(The input):
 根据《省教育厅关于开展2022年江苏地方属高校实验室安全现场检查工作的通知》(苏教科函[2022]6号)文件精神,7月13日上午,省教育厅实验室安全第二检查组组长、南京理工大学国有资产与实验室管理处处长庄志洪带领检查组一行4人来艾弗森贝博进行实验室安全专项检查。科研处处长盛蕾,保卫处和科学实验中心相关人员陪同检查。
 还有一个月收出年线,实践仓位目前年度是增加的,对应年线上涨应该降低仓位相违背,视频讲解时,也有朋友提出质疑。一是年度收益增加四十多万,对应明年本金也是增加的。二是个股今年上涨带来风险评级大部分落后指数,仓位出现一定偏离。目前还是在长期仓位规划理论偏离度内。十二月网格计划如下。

* * *

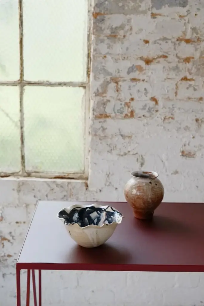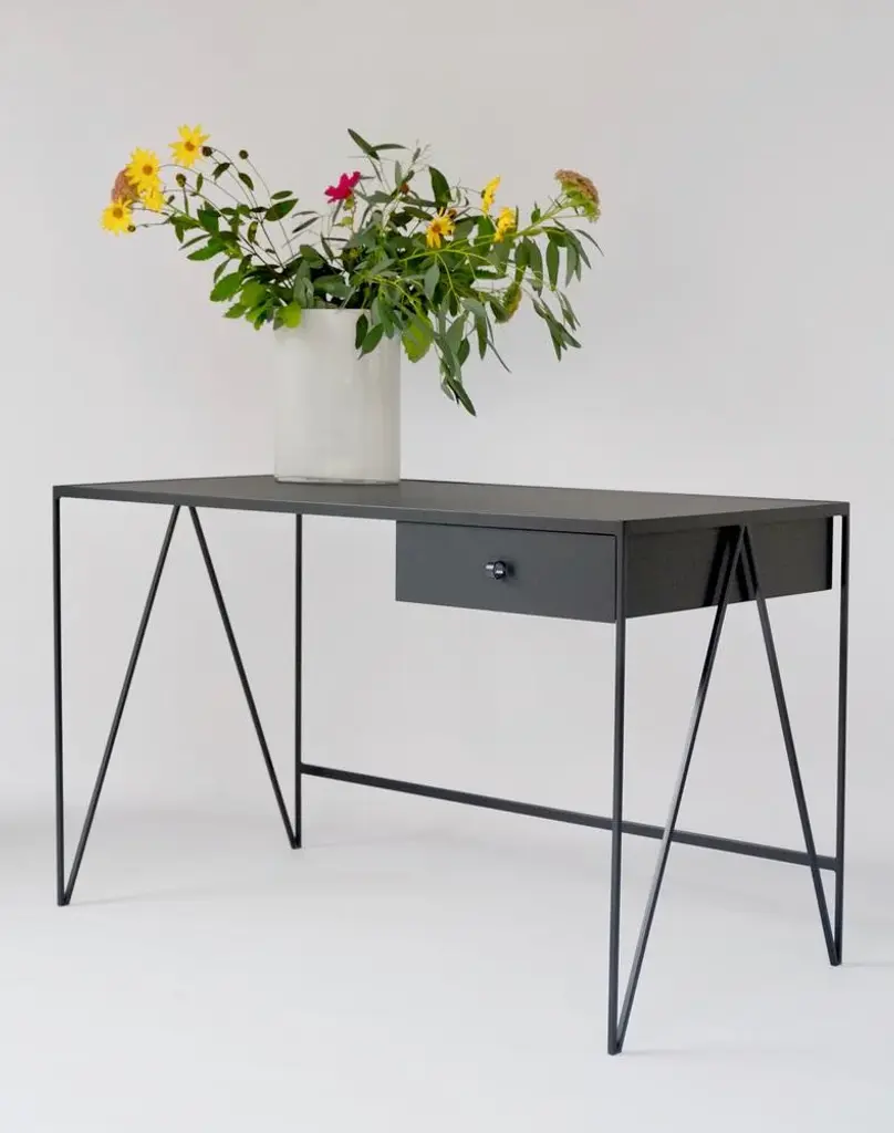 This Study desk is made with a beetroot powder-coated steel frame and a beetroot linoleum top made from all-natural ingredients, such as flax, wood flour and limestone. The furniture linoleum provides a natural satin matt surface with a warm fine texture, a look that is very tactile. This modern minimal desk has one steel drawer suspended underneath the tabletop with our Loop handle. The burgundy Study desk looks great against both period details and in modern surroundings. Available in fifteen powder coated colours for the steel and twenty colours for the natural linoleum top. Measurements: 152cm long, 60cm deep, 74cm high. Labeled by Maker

* * *

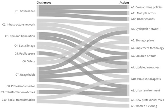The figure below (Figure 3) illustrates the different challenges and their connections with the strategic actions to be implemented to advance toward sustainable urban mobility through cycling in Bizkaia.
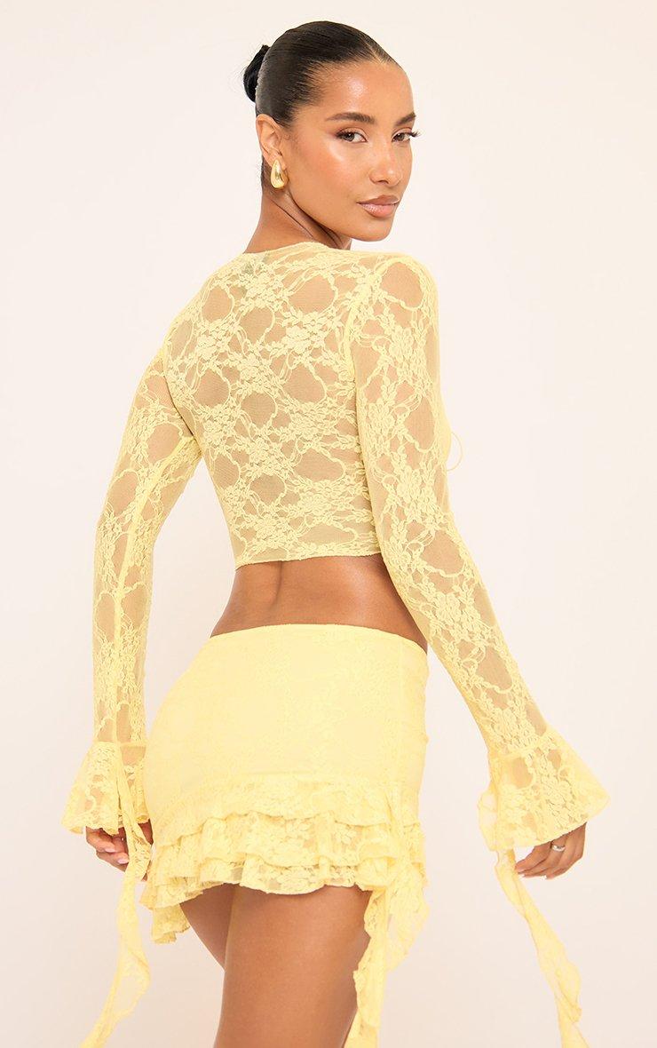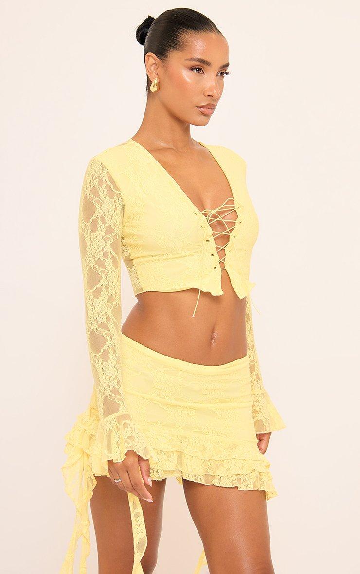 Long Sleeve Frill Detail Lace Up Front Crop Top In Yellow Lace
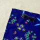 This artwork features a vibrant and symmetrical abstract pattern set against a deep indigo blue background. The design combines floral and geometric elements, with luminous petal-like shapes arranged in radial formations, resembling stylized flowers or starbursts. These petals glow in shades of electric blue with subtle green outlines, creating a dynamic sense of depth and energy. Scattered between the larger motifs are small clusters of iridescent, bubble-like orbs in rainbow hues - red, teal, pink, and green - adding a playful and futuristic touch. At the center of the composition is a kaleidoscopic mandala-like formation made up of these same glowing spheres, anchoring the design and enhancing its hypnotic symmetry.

(What this task involves):
Look above for the line with "根据《省教育厅关于开展202"; retype exactly that line, every line after it up to the line with "还有一个月收出年线,实践仓位", and that line too, nothing else.

(Answer to this exercise):
 根据《省教育厅关于开展2022年江苏地方属高校实验室安全现场检查工作的通知》(苏教科函[2022]6号)文件精神,7月13日上午,省教育厅实验室安全第二检查组组长、南京理工大学国有资产与实验室管理处处长庄志洪带领检查组一行4人来艾弗森贝博进行实验室安全专项检查。科研处处长盛蕾,保卫处和科学实验中心相关人员陪同检查。
 还有一个月收出年线,实践仓位目前年度是增加的,对应年线上涨应该降低仓位相违背,视频讲解时,也有朋友提出质疑。一是年度收益增加四十多万,对应明年本金也是增加的。二是个股今年上涨带来风险评级大部分落后指数,仓位出现一定偏离。目前还是在长期仓位规划理论偏离度内。十二月网格计划如下。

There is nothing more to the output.